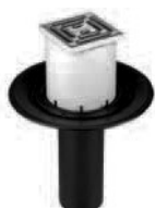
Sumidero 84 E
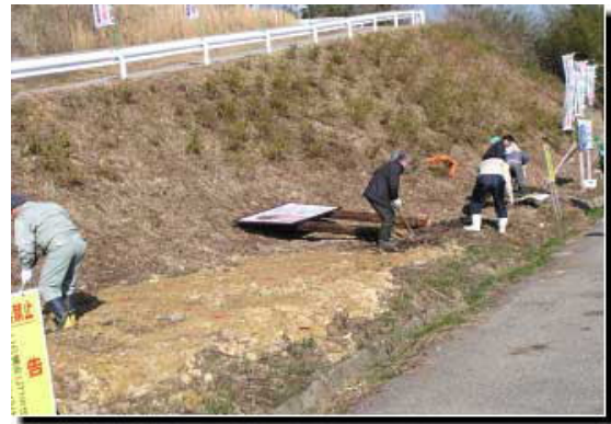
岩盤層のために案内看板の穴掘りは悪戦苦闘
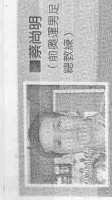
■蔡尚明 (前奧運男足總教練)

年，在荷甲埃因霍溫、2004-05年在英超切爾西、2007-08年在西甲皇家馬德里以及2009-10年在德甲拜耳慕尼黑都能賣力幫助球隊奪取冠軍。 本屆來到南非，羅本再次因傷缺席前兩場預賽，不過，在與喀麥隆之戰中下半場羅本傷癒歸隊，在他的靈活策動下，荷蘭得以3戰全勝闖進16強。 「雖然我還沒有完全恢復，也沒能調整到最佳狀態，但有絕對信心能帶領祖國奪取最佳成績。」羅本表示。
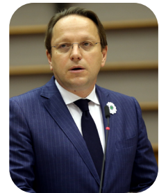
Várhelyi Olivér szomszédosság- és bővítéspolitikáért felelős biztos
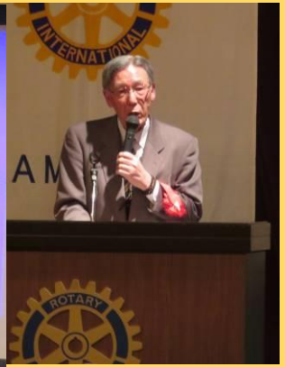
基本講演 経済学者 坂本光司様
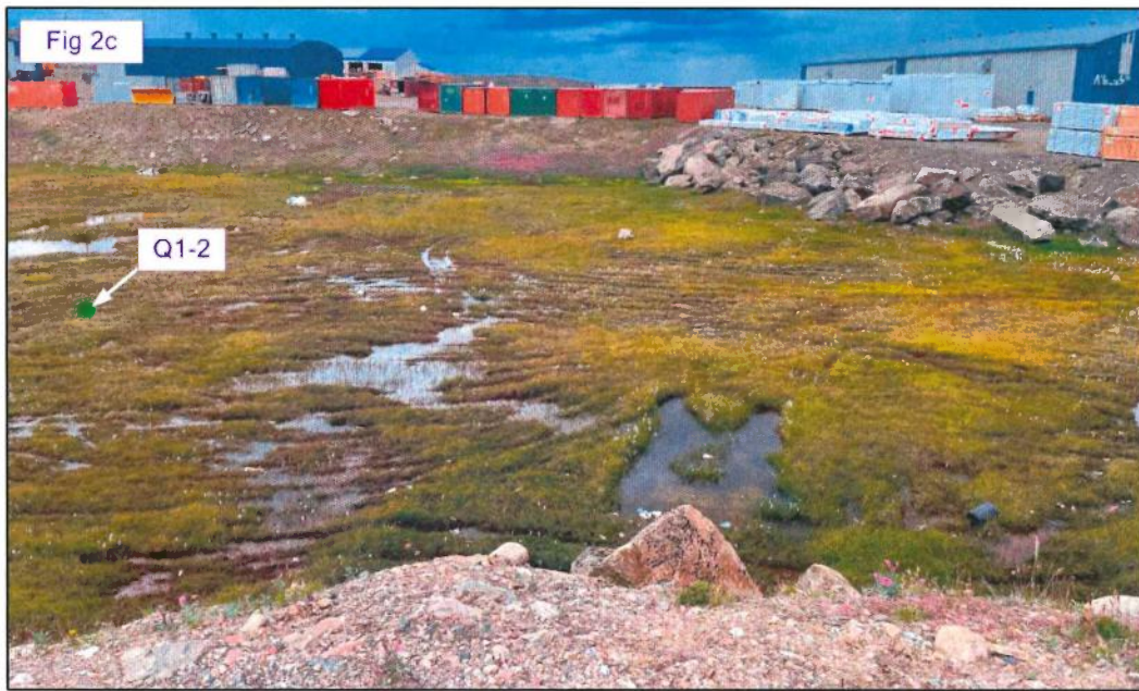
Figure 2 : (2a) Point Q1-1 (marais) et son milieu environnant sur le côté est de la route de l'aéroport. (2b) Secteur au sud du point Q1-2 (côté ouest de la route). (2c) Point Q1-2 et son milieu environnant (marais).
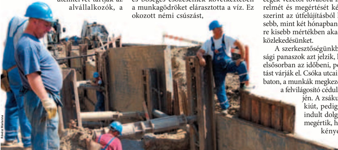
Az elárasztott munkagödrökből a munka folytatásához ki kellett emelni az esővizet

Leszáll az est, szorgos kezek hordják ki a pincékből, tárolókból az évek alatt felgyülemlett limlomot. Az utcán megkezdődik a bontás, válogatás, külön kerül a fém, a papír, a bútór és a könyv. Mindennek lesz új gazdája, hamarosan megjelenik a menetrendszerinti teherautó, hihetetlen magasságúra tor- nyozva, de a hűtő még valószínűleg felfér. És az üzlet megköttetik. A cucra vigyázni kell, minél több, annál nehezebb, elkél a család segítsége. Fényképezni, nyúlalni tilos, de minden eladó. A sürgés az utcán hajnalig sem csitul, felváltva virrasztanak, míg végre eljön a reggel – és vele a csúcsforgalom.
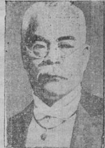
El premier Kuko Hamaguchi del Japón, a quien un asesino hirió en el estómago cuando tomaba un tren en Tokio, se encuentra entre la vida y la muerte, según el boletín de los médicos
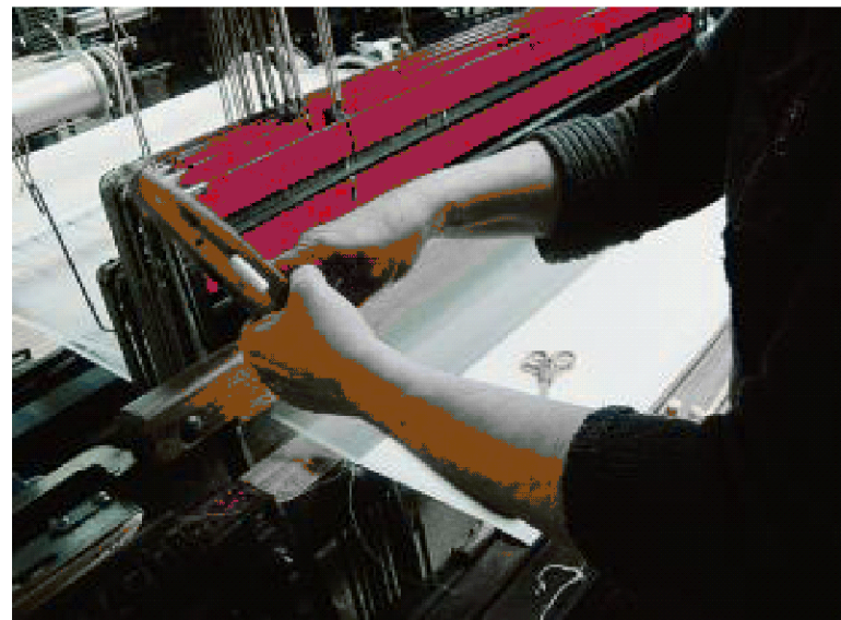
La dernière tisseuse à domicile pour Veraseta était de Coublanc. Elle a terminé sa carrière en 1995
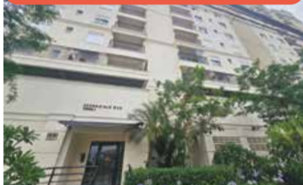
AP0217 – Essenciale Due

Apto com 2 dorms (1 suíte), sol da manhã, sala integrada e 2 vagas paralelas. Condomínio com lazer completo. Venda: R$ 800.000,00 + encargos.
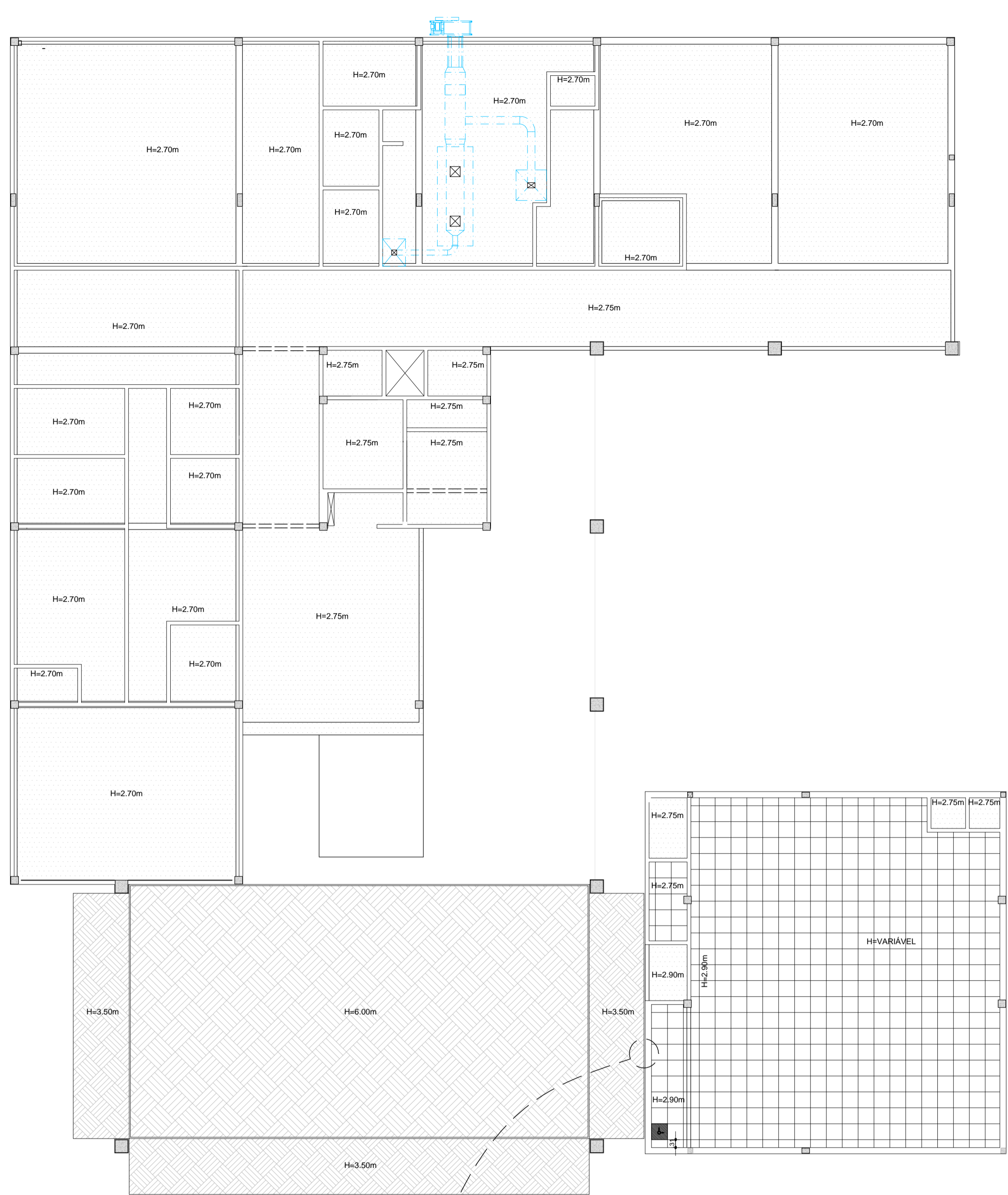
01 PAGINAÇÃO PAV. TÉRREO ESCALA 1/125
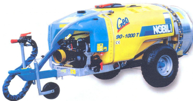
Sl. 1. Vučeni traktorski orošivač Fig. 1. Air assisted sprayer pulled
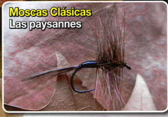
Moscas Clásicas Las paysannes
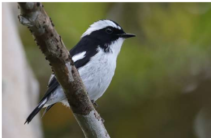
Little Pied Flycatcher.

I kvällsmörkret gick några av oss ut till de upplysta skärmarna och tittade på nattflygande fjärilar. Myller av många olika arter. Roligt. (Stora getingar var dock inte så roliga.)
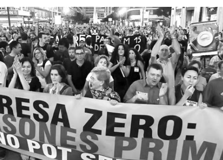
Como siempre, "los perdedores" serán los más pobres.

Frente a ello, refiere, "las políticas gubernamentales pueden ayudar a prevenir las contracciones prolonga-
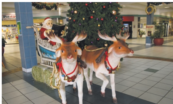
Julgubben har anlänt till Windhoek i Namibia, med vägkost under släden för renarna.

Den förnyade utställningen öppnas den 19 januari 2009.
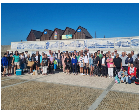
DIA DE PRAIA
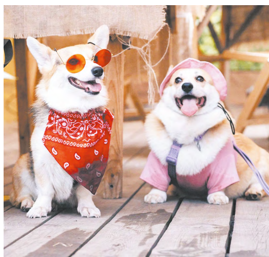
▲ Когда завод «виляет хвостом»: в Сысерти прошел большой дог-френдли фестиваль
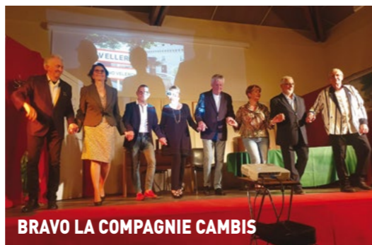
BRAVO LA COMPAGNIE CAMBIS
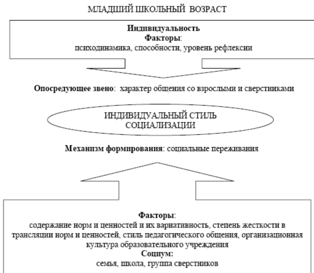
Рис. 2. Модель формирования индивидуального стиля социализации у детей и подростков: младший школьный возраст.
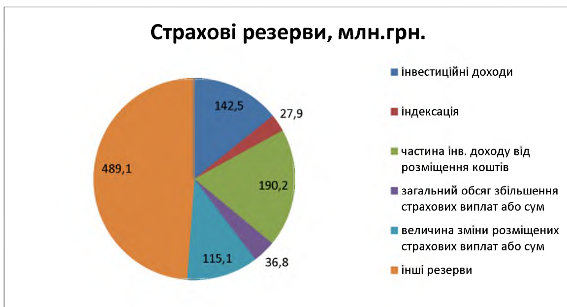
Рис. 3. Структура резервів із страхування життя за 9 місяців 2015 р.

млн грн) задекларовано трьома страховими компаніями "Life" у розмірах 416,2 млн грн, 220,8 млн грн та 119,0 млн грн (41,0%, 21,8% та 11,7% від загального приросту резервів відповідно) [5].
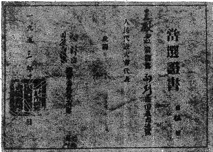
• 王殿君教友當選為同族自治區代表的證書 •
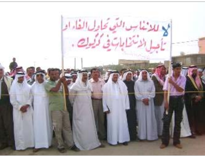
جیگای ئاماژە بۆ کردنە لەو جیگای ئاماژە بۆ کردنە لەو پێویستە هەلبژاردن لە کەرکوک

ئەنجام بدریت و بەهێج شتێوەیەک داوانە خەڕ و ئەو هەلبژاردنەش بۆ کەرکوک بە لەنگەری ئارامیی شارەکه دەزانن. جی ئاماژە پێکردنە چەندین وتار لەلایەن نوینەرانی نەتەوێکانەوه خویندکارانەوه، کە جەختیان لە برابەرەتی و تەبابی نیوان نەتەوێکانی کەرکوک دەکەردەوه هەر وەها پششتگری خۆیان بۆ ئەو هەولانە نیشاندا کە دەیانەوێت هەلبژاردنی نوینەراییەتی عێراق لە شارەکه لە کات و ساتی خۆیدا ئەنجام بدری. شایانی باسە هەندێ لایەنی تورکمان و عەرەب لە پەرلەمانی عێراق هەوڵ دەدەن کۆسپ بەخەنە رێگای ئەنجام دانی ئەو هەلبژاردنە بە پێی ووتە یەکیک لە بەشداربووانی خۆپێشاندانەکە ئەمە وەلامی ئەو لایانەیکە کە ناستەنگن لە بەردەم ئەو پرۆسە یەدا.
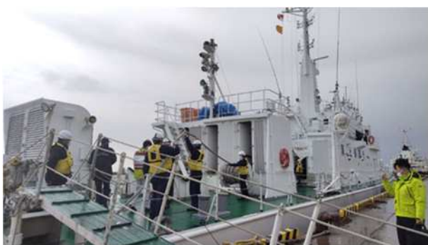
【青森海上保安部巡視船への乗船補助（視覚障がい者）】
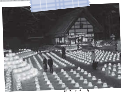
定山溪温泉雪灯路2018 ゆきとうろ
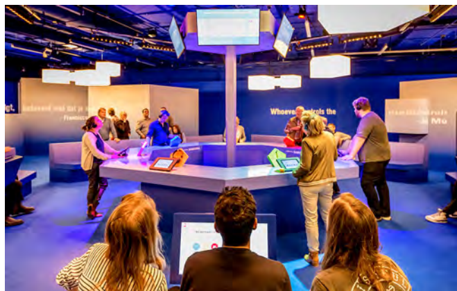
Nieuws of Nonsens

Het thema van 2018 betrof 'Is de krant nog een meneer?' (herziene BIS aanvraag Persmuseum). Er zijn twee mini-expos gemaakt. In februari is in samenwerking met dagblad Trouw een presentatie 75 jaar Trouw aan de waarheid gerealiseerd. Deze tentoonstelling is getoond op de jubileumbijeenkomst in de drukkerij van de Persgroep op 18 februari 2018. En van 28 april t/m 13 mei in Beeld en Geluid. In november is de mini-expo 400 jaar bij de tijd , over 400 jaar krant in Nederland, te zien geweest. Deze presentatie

> **WHAT TO DO**:
From the line with "Nieuws of Nonsens" through the final line of the records, return each line exactly. Leave out the rest.

> **RESULT**:
Nieuws of Nonsens

Het thema van 2018 betrof 'Is de krant nog een meneer?' (herziene BIS aanvraag Persmuseum). Er zijn twee mini-expos gemaakt. In februari is in samenwerking met dagblad Trouw een presentatie 75 jaar Trouw aan de waarheid gerealiseerd. Deze tentoonstelling is getoond op de jubileumbijeenkomst in de drukkerij van de Persgroep op 18 februari 2018. En van 28 april t/m 13 mei in Beeld en Geluid. In november is de mini-expo 400 jaar bij de tijd , over 400 jaar krant in Nederland, te zien geweest. Deze presentatie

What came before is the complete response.